Это был ее неудачный ход. Напоминание о «болезни» еще более насторожило меня. «Тонкая игра», – подумал я.

– Сядем, – беря меня за руку и увлекая в другую комнату, сказала она.

Большой камин с решеткой, совершенно в английском духе, пылал, и золотые огоньки лизали сухие трещавшие поленья. У камина стояла низкая широкая оттоманка.

– Сядем, – повторила мистрис Барк и, не выпуская моей руки, опустилась на оттоманку. Я последовал ее примеру.

– Я очень люблю камин… Он дает уют, тепло и чувство традиции, да, да… То, чего так не хватает нам, бедным детям двадцатого века.

Она с наслаждением откинулась на подушки, вытянула стройные ноги к огню и продолжала:

– Я потому так и люблю Диккенса, что у него во всех его чудесных книгах не обходится без ярко пылающего камина…

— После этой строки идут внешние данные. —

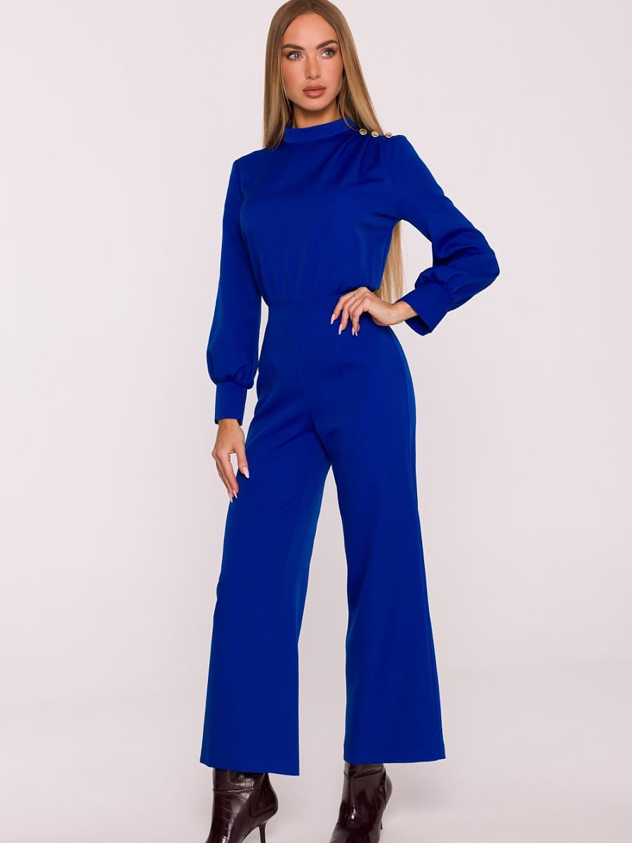 Stylowy kombinezon uszyty z gładkiej tkaniny o matowym wykończeniu to propozycja, która łączy nowoczesny charakter z ponadczasową elegancją. Jednoczęściowa forma pięknie podkreśla sylwetkę, a dopasowana talia i szerokie nogawki 7/8 nadają całości lekkości i swobody. Góra kombinezonu wyróżnia się stójką z delikatnym marszczeniem przy ramieniu, które subtelnie modeluje linię ramion i nadaje wyjątkowego szyku. Długie rękawy zakończono szerokimi mankietami z rozcięciem, podkreślając elegancki charakter projektu. Ozdobne guziki na ramieniu stanowią stylowy detal, dodający całości niepowtarzalności. Model zapinany jest na kryty zamek z tyłu, co zapewnia wygodę zakładania i estetyczne wykończenie. Brak podszewki i kieszeni sprawia, że kombinezon pozostaje lekki, a gładka tkanina pozwala na tworzenie wielu różnorodnych stylizacji, od codziennych po wieczorowe. Zaprojektowany i uszyty w Polsce, stworzony z myślą o kobietach ceniących elegancję, komfort i ponadczasowy design.
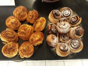 Egy nagy tálba tesszük a lisztet (elvileg szitálni kellene, de eleget súlyzóztam a reggeli edzésen, úgyhogy kihagytam), elkeverjük a sóval és a cukorral. Mehet bele a tojás és a tojássárgája, az olvasztott vaj és az élesztős tej. Ruhaujjat felgyűr, tésztát bedagaszt. Tiszta konyharuha, 45 perc pihi.
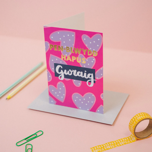 No reviewsDescription 'Pen-blwydd Hapus Gwraig' is Welsh for 'Happy Birthday Wife' This beautiful vibrant foiled Welsh Language Birthday card is from the ama...
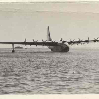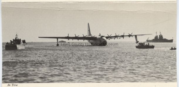 The "Sea-Mule" towing the "Spruce Goose" into the Long Beach Harbor for its maiden flight, November 2,1947. 2013.50.6.1Lexicon

– А также сверчка и милого джентльмена, вроде чудака Пиквика…

Она чуть отодвинулась и искоса глянула на меня.

Теперь я допустил ошибку. По ее тону и взгляду я понял, что моя реплика насторожила ее.

– Диккенса я знаю больше по театральным представлениям, дорогая мистрис Эвелин. Ведь у нас, в Советском Союзе, очень охотно ставят и Шекспира, и Шеридана, и Джонса, и различные инсценировки по произведениям Диккенса.

– Не надо… – перебила она, – не пытайтесь казаться менее начитанным и интеллигентным. Я вижу, что вы знаете старую английскую литературу.

Она замолчала и, наклонившись к огню, поправила поленья.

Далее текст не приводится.